## Aim of the task
Leave out the pictures, then output the lines of the records below from the first through the one containing "Parks and Recreation".

Segment Start: Provided data

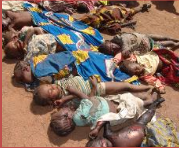
Some children slain during the crisis...

True to that prediction, Nigeria was thrown into deep mourning and confusion on Sunday March 7, 2010 following a reprisal
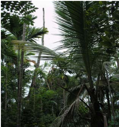
Fig. 1 A coconut tree affected by direct lightning

During the survey we have inspected more than 55 houses. None of them were equipped with lightning protection devices neither the villagers heard about that such a system can be used to protect their lives and property. Electricity was not available most of the houses and some people were using solar power for their day today needs. The few houses use mains power, the electrical earthing arrangement was not done properly. Some villagers do not realize the importance of the earth rod and they just ignore it .It was noticed that most of the damages in this village was due to direct lightning or side flash.
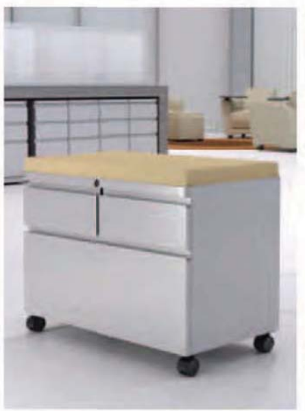
Mobile File Centers with cushions provide lockable storage and serve as casual seating for quick collaborations.
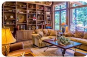
Household power storage, etc
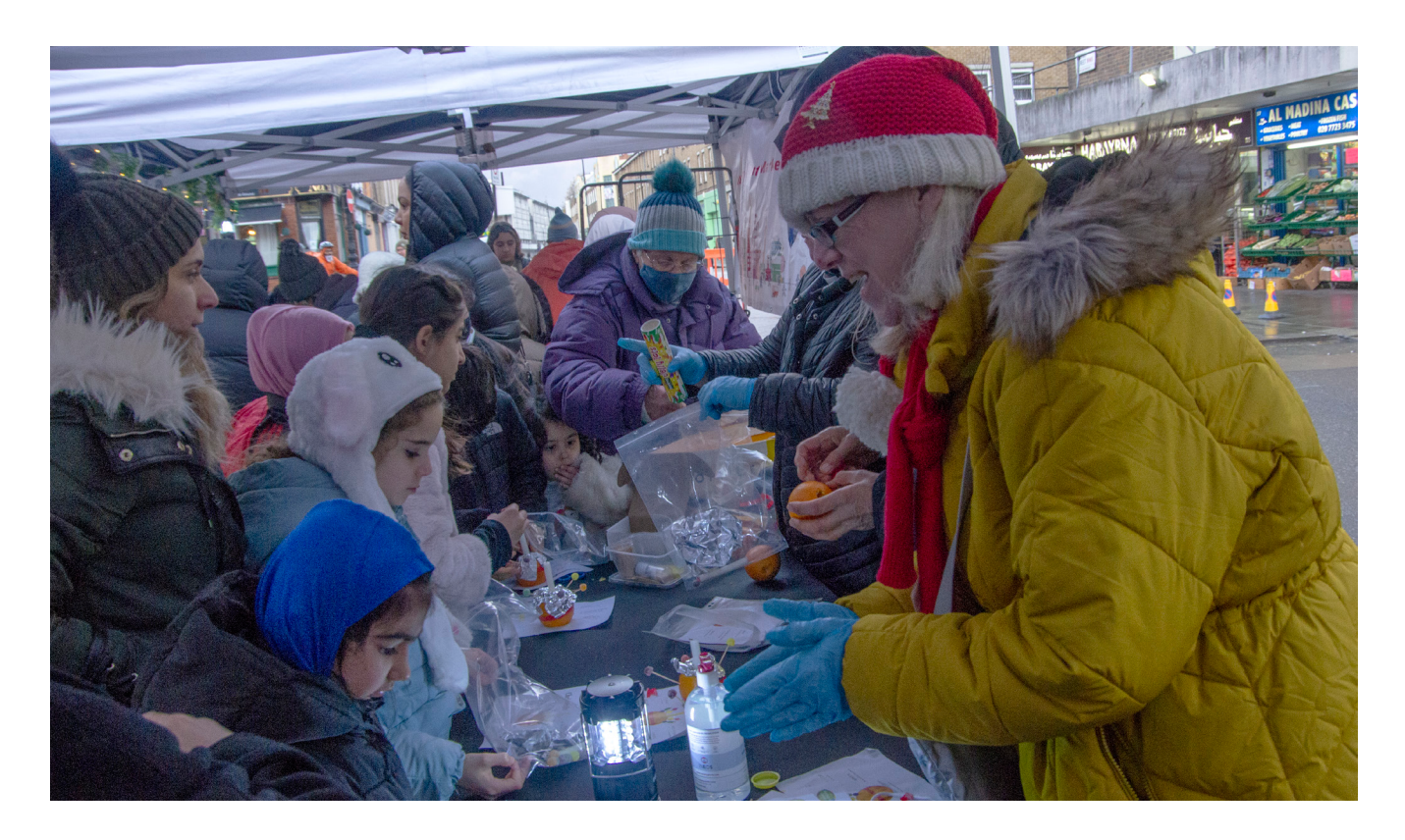
Christingle, Church Street - 5th December
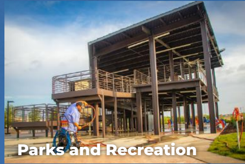
Parks and Recreation
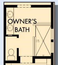
OPTIONAL SUPER SHOWER AT OWNER'S BATH
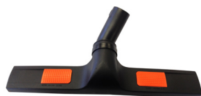
300mm Floor Nozzle
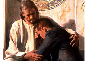
If we confess our sins – all is forgiven.

Ephesians 4:30 And DO NOT GRIEVE THE HOLY SPIRIT OF GOD, by whom you were sealed for the day of redemption.
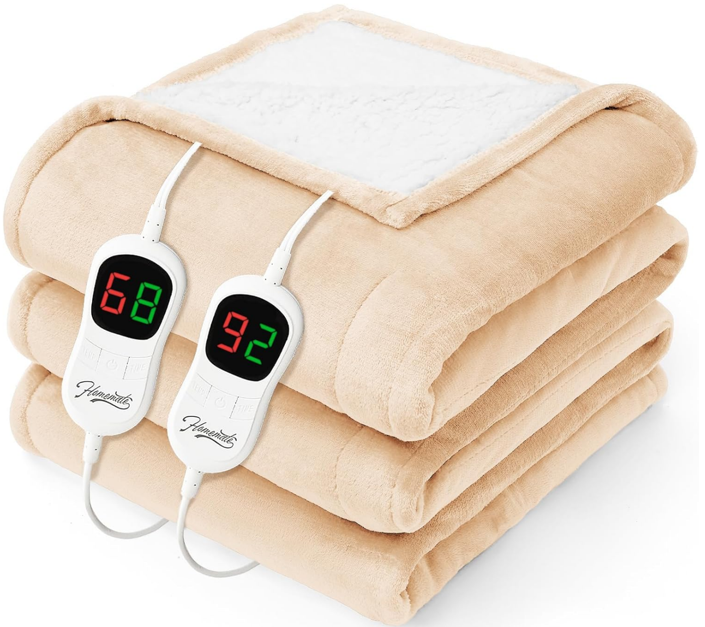
Image: A beige Homemate Electric Blanket folded, showing two controllers connected, ready for setup.
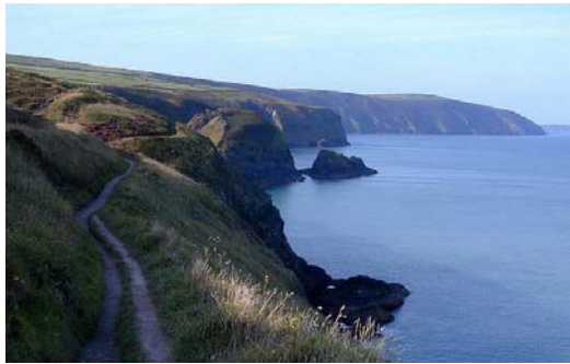
Looking towards Newport Bay
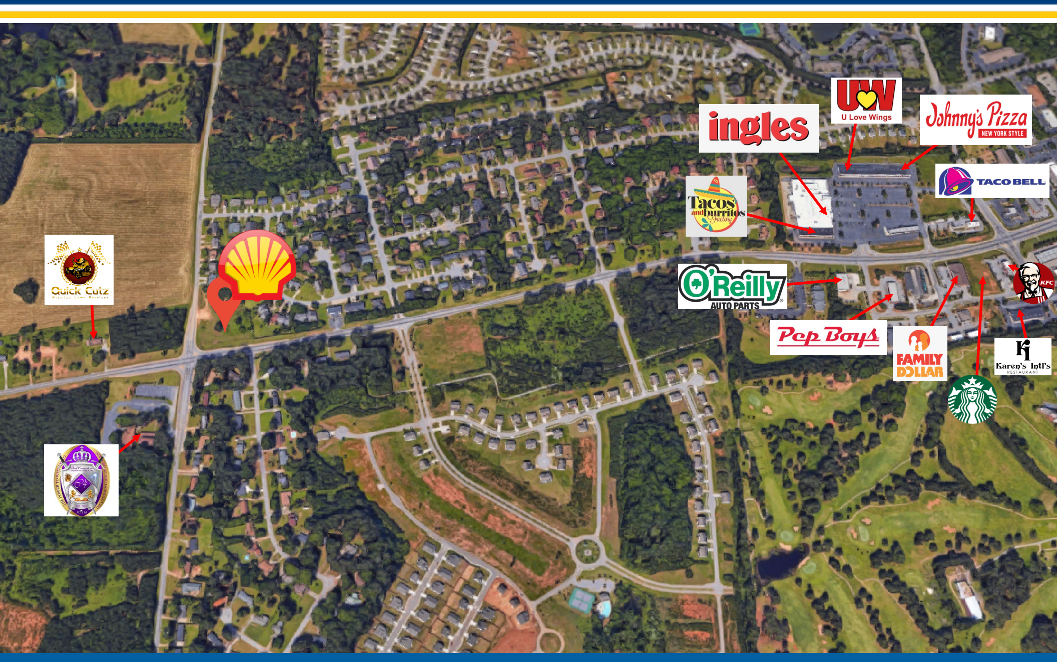
The information contained here-within this document is believed to be reliable, although Triple Net Investment Group makes no warranty or representation on the accuracy of the information. Please understand the property information is subject to change without notice. Buyer must verify all information and assumes all risk for any inaccuracies
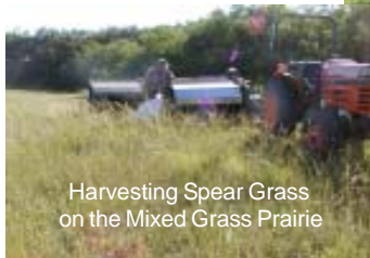
Harvesting Spear Grass on the Mixed Grass Prairie
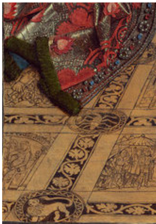
9-1. Detail lower left

9. Jan van Eyck The Annunciation c. 1434/1436 Oil on canvas transferred from panel 90.2 x 34.1 cm National Gallery of Art, Washington
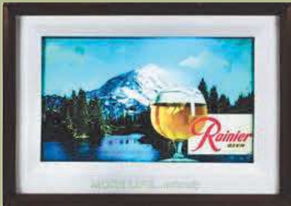
Lighted motion sign, Rainier Beer, Sicks' Rainier Brewing Co., Seattle, WA, 18.5 x 13 in., Neon Products, Inc., Lima, OH, c. 1960s.
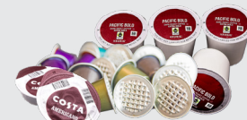
Coffee pods (any type)
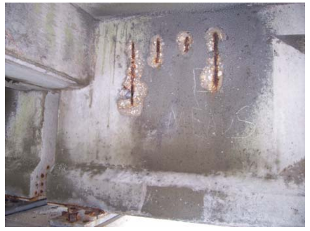
Span 65; West elevation
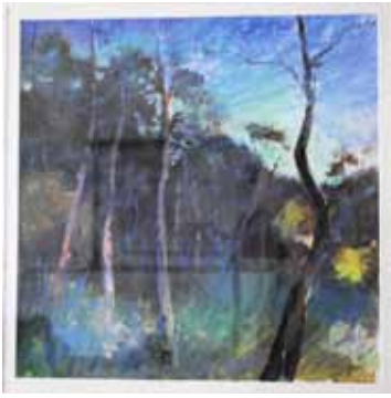
YOUNG, Jenny Bush at Randall's Bay Mixed media 53 x 53 2011/12 Acquired 2012
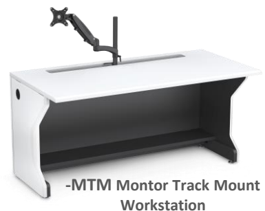
-MTM Monitor Track Mount Workstation
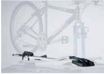
BICYCLE HOLDER (FORK MOUNTED)
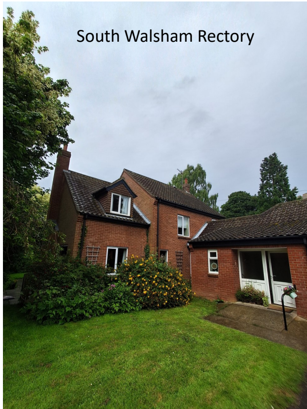
South Walsham Rectory

South Walsham Rectory: The Rectory was built in 1983 specifically for the use of an Incumbent. As a result, there is a large study and toilet separate from the family accommodation. There are five bedrooms in total – four upstairs and one on the ground floor where there's a lounge, a dining room, a conservatory, kitchen and utility room. The house is adjacent to the church, standing back from the road with secluded gardens, garage and a tank for central heating oil.
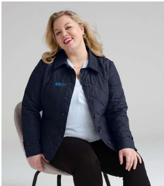
BROOKS BROTHERS Women's Quilted Jacket BB18601 Women's Sizes: XS-4XL | 2 colors Worn with BB18009
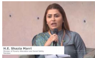
H.E. Shazia Marri Minister of Social Assistance and Social Safety

to the German Government, specifically Minister Schulz, and other partners, including the World Bank and German Development Partner GIZ, for hosting an event on such an important subject. She acknowledged Pakistan's vulnerability to climate hazards, citing the examples of last year's devastating floods and the ongoing threat of a cyclone BIPARJOY targeting Pakistan and neighboring India.
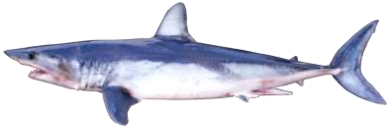
Shortfin Mako Shark ( Isurus oxyrinchus )

Bangladesh, Benin, Bhutan, Brazil, Burkina Faso, Cabo Verde, Chad, Côte d'Ivoire, Dominican Republic, Egypt, European Union, Gabon, Gambia, Jordan, Lebanon, Liberia, Maldives, Mali, Mexico, Nepal, Niger, Nigeria, Palau, Samoa, Senegal, Sri Lanka, Sudan and Togo

Segment End: Provided data

## Completed exercise
Some children slain during the crisis...

True to that prediction, Nigeria was thrown into deep mourning and confusion on Sunday March 7, 2010 following a reprisal
Fig. 1 A coconut tree affected by direct lightning

During the survey we have inspected more than 55 houses. None of them were equipped with lightning protection devices neither the villagers heard about that such a system can be used to protect their lives and property. Electricity was not available most of the houses and some people were using solar power for their day today needs. The few houses use mains power, the electrical earthing arrangement was not done properly. Some villagers do not realize the importance of the earth rod and they just ignore it .It was noticed that most of the damages in this village was due to direct lightning or side flash.
Mobile File Centers with cushions provide lockable storage and serve as casual seating for quick collaborations.
Household power storage, etc
Christingle, Church Street - 5th December
Parks and Recreation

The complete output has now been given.